Kidman Park Community Children’s Centre uses the Early Years Learning Framework (EYLF) when planning its programs.

Fundamental to the Framework is a view of children’s lives as characterised by belonging, being and becoming. From birth children are connected to family, community, culture and place. Their earliest development and learning take place through these relationships, particularly within families who are the child’s first and most influential educators. As children participate in everyday life, they develop interests and construct their identities and understandings of the world. Staff plan individual programs for every child, using information collected from various forms of observation and also information shared by families.

The following Learning Outcomes are skills, knowledge or dispositions that educators can actively promote in early childhood settings in collaboration with children and families.

Outcome 1 – Children have a strong sense of identity

  • Children feel safe, secure and supported.
  • Children develop their emerging autonomy, interdependence, resilience and sense of agency.
  • Children develop knowledgeable and confident self-identities.
  • Children learn to interact in relation to others with care, empathy and respect.

Outcome 2 – Children are connected and contribute to their world

  • Children develop a sense of belonging to groups and communities and an understanding of the reciprocal rights and responsibilities necessary for active community participation.
  • Children respond to diversity with respect.
  • Children become aware of fairness.
  • Children become socially responsible and show respect for the environment.

Outcome 3 – Children have a strong sense of wellbeing

  • Children become strong in their social and emotional wellbeing
  • Children take increasing responsibility for their own health and physical wellbeing

Outcome 4 – Children are confident and involved learners

  • Children develop dispositions for learning such as curiosity, co-operation, confidence, creativity, commitment, enthusiasm, persistence, imagination and reflexivity.
  • Children develop a range of skills and processes such as problem solving, enquiry, experimentation, hypothesizing, researching and investigating.
  • Children transfer and adapt what they have learned from one context to another.
  • Children resource their own learning through connecting with people, place, technologies and natural processed materials.

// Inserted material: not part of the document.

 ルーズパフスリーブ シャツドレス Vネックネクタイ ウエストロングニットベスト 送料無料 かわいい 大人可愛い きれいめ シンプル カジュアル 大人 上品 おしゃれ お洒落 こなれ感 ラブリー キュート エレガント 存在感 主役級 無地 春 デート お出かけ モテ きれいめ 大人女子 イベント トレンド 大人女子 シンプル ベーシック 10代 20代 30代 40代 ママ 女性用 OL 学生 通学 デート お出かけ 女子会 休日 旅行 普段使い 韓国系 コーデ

Outcome 5 – Children are effective communicators

  • Children interact verbally and non-verbally with others for a range of purposes.
  • Children engage with a range of texts and gain meaning from these texts.
  • Children express ideas and make meaning using a range of media.
  • Children begin to understand how symbols and pattern systems work.
  • Children use information and communication technologies to access information, investigate ideas and represent their thinking.